- [DESCRIPTION OF THE TASK] Pictures are not part of the copy; reproduce the remaining data exactly.

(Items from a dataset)
::::

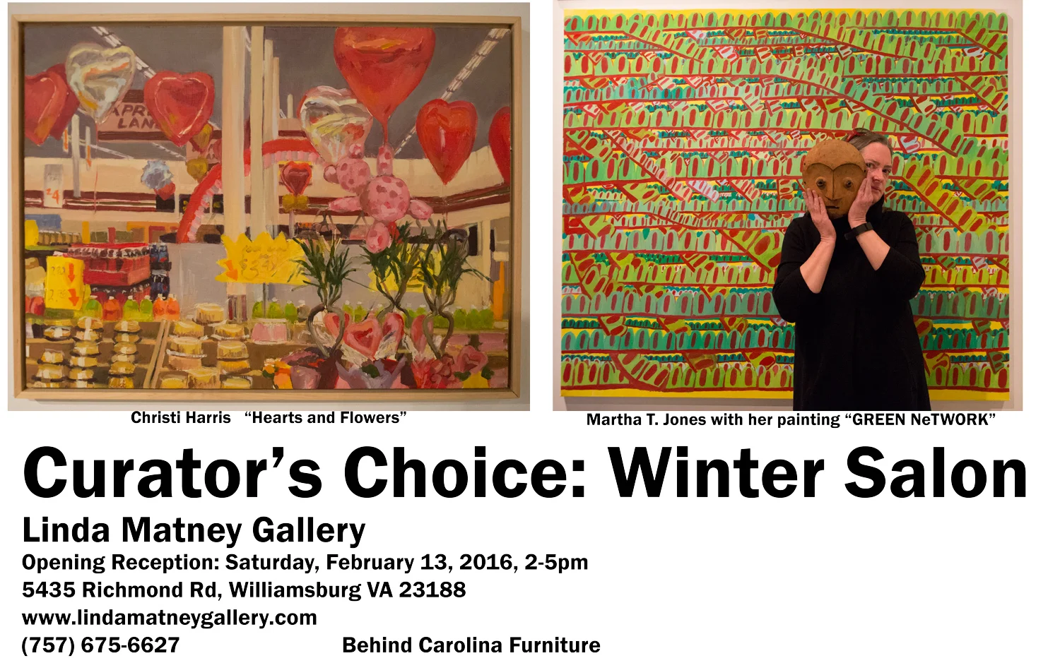 Opening Reception for the Curator's Choice:Winter Salon Exhibit. Enjoy refreshments and meet artist Martha T. Jones. See works by 32 artists in the main gallery.
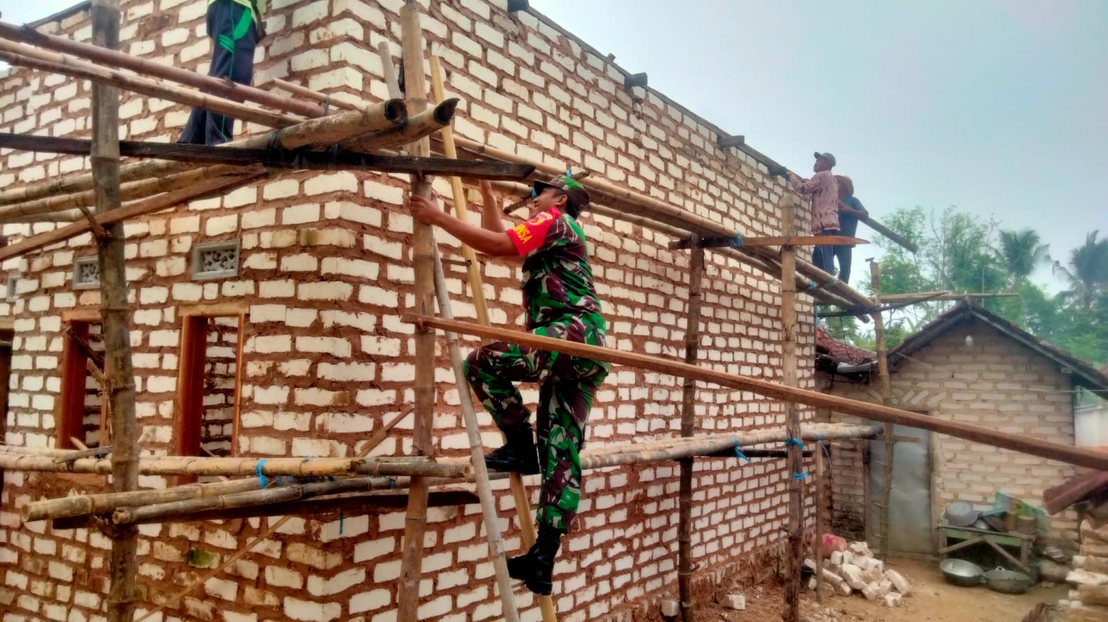 Sejak pagi, suasana cerah mewarnai jalannya kegiatan. Koptu Kanto Iswahyudi tampak sigap membantu warga mengangkat material dan menyusun rangka bangunan. Bahkan, di bawah terik matahari, ia turut naik ke atap untuk memasang rangka kayu bersama masyarakat.
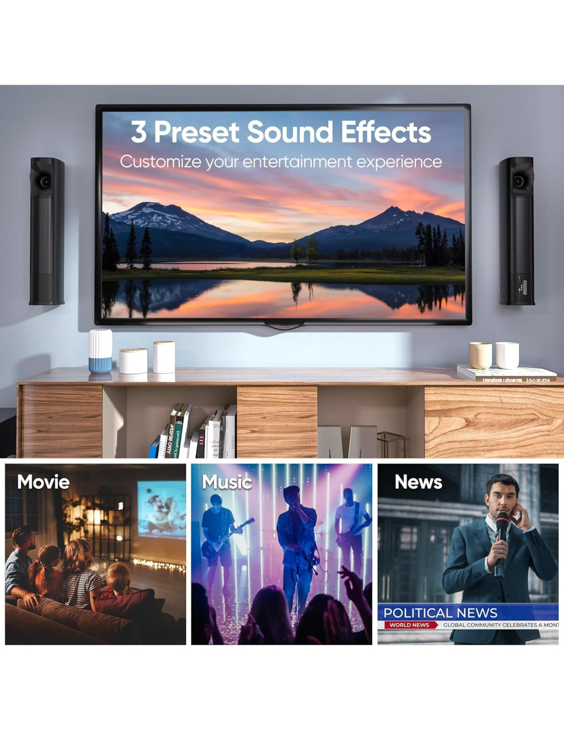 - Tecnología DSP - La barra de sonido Saiyin con tecnología DSP ofrece tres modos de sonido para películas, música y noticias, optimizando la configuración de audio para mejorar tu experiencia de escucha según tus preferencias.
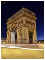 Elegant night shot of the Arc de Triomphe in Paris with light trails underneath, capturing its monumental beauty.
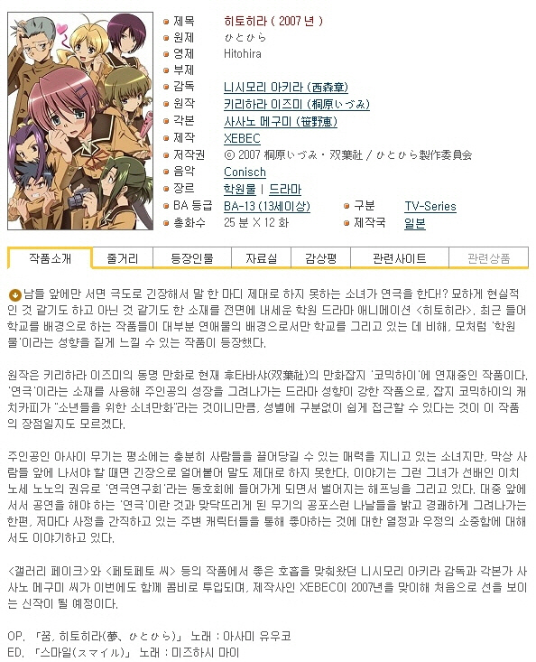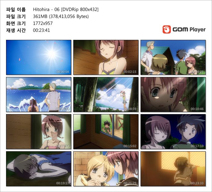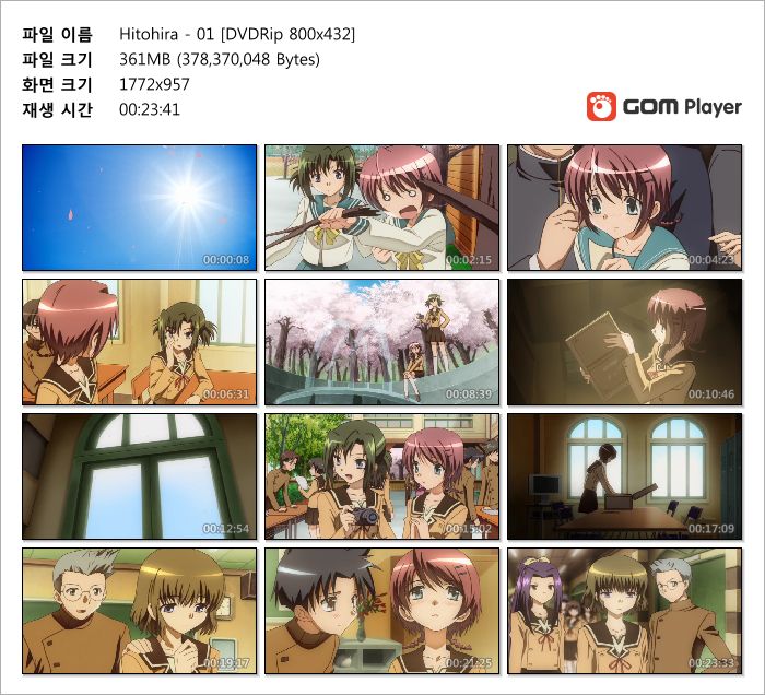 | Hitohira - 12(완) [DVDRip 800x432].avi | 360.8 M | AVI | 00:23:41 | 800x432 |

::::

- [RESPONSE TO THE EXERCISE]
 Opening Reception for the Curator's Choice:Winter Salon Exhibit. Enjoy refreshments and meet artist Martha T. Jones. See works by 32 artists in the main gallery.
 Sejak pagi, suasana cerah mewarnai jalannya kegiatan. Koptu Kanto Iswahyudi tampak sigap membantu warga mengangkat material dan menyusun rangka bangunan. Bahkan, di bawah terik matahari, ia turut naik ke atap untuk memasang rangka kayu bersama masyarakat.
 - Tecnología DSP - La barra de sonido Saiyin con tecnología DSP ofrece tres modos de sonido para películas, música y noticias, optimizando la configuración de audio para mejorar tu experiencia de escucha según tus preferencias.
 Elegant night shot of the Arc de Triomphe in Paris with light trails underneath, capturing its monumental beauty.
 | Hitohira - 12(완) [DVDRip 800x432].avi | 360.8 M | AVI | 00:23:41 | 800x432 |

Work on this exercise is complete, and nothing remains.